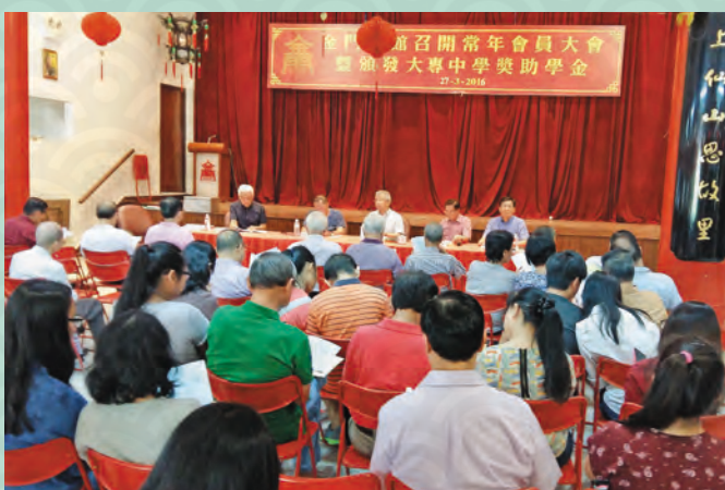
▲ 会员大会现场（摄于2016年3月27日）

会馆奖学金评选委员会，经于1月31日评选由会员子弟申请之2015年奖助学金申请表格，申请人数24名，获得批准有14名。
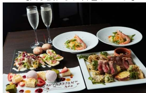
【ペアプラン料理イメージ】
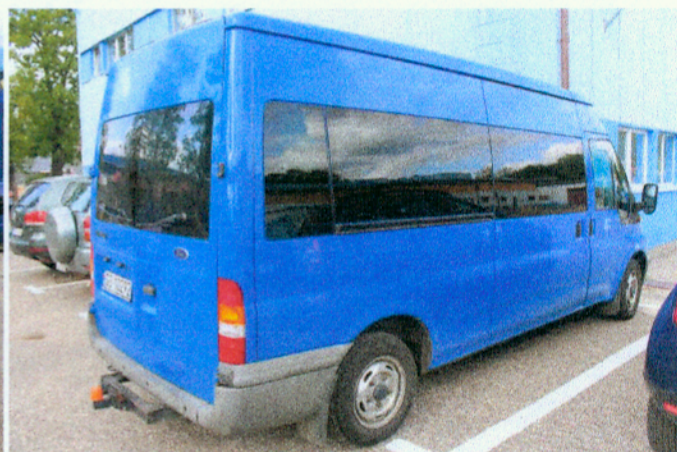
Widok z prawego boku pojazdu
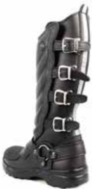
BOTA ESPINA PESCADO
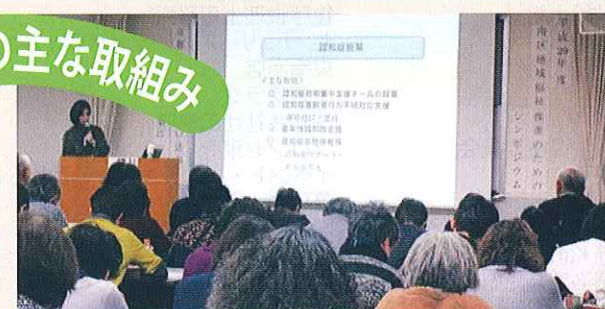
こころの健康を考える会発表会・講演会
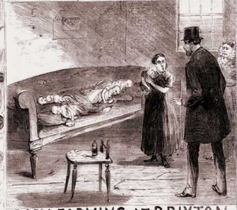
BABY FARMING AT BRIXTON
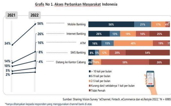
Gambar 1.2 Akses Pengguna Mobile Banking
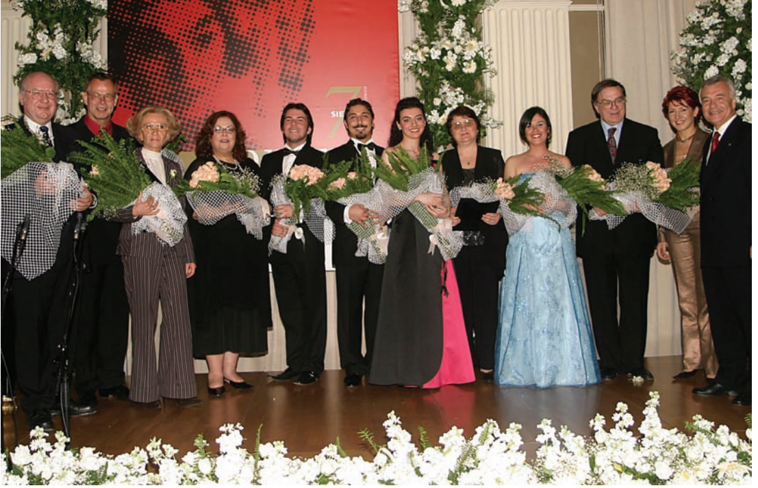
2005 yılı kazananları, jüri üyeleri ve Siemens yetkilileri bir arada
—————
Output each line above exactly as it stands, omitting the pictures.

▲ 会员大会现场（摄于2016年3月27日）

会馆奖学金评选委员会，经于1月31日评选由会员子弟申请之2015年奖助学金申请表格，申请人数24名，获得批准有14名。
【ペアプラン料理イメージ】
Widok z prawego boku pojazdu
BOTA ESPINA PESCADO
こころの健康を考える会発表会・講演会
BABY FARMING AT BRIXTON
Gambar 1.2 Akses Pengguna Mobile Banking
2005 yılı kazananları, jüri üyeleri ve Siemens yetkilileri bir arada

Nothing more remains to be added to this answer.